Man was born from trouble as the sparks fly upward (Job 5:7), but some see this as a license to make more trouble than necessary. Troubles we will have, troublemongers we must have none of. Christian government is limited. This limits the amount of trouble it can cause. Because we have troubles, we must have government, but because all have sinned, we must be on guard against governors. It turns out that many of their attempts to address our troubles actually creates more trouble than it addresses. This is why we are to pray for our governors to mind their own beeswax and mind ours a lot less.

1 Timothy 2:1-3
I exhort therefore, that, first of all, supplications, prayers, intercessions, and giving of thanks, be made for all men; For kings, and for all that are in authority; that we may lead a quiet and peaceable life in all godliness and honesty. For this is good and acceptable in the sight of God our Saviour.

We pray for peace and quiet which begins with a government that doesn't disturb the peace. Kings provide peace for their people most often by simply leaving their people alone. When the government serves as God's deacon of wrath, it shouldn't show up much unless called upon.

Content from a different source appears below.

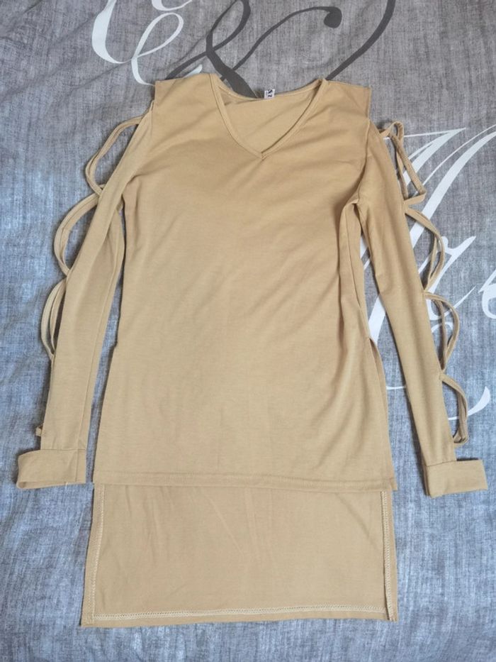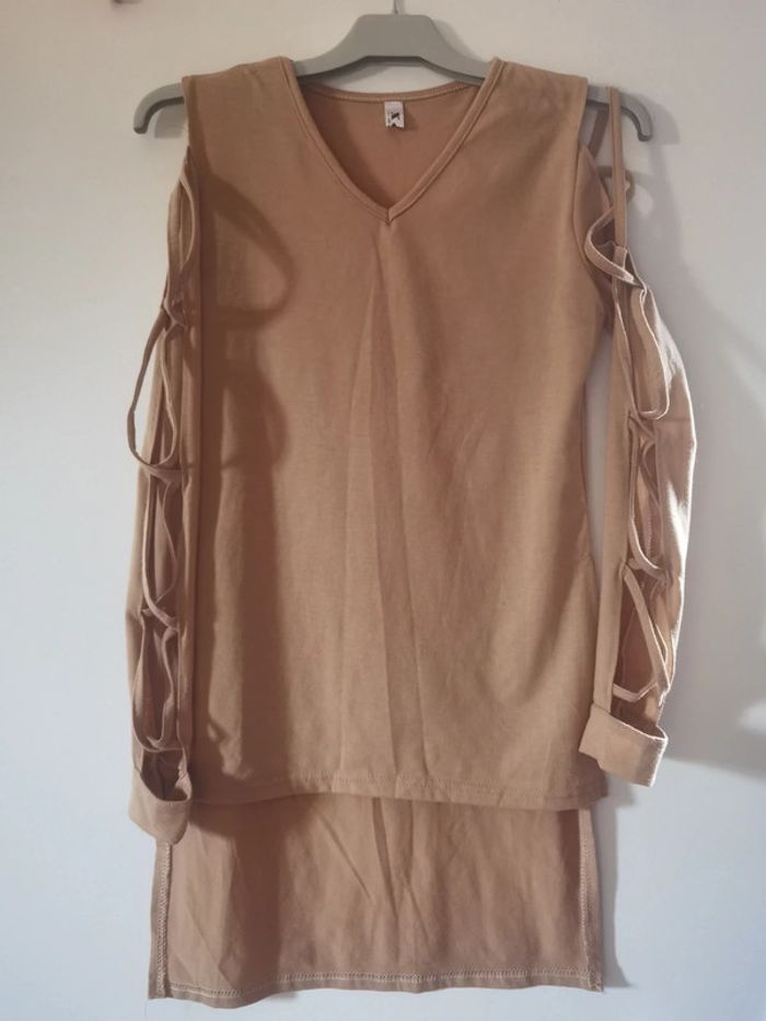 Puls avec manche ajouré avec des lien qui s'entrecroisent #carolinevêtementsL Assymétrique (Le dos est plus long que le devant) Couleur crème Taille 40 Pas de défaut constaté

The kind of State we are called to pray for is one that isn't constantly tripped over or bumped into.

When we have this, we are able to work until we go to bed and live until we go home. Every man should be left to do his own work and his own dying without much interference or involvement from his government. Our production and our passing should be ours.

God, make it so and give us governors with self-control so that we might be free to control our days and our destinies in peace and quiet before Christ, the King. Amen.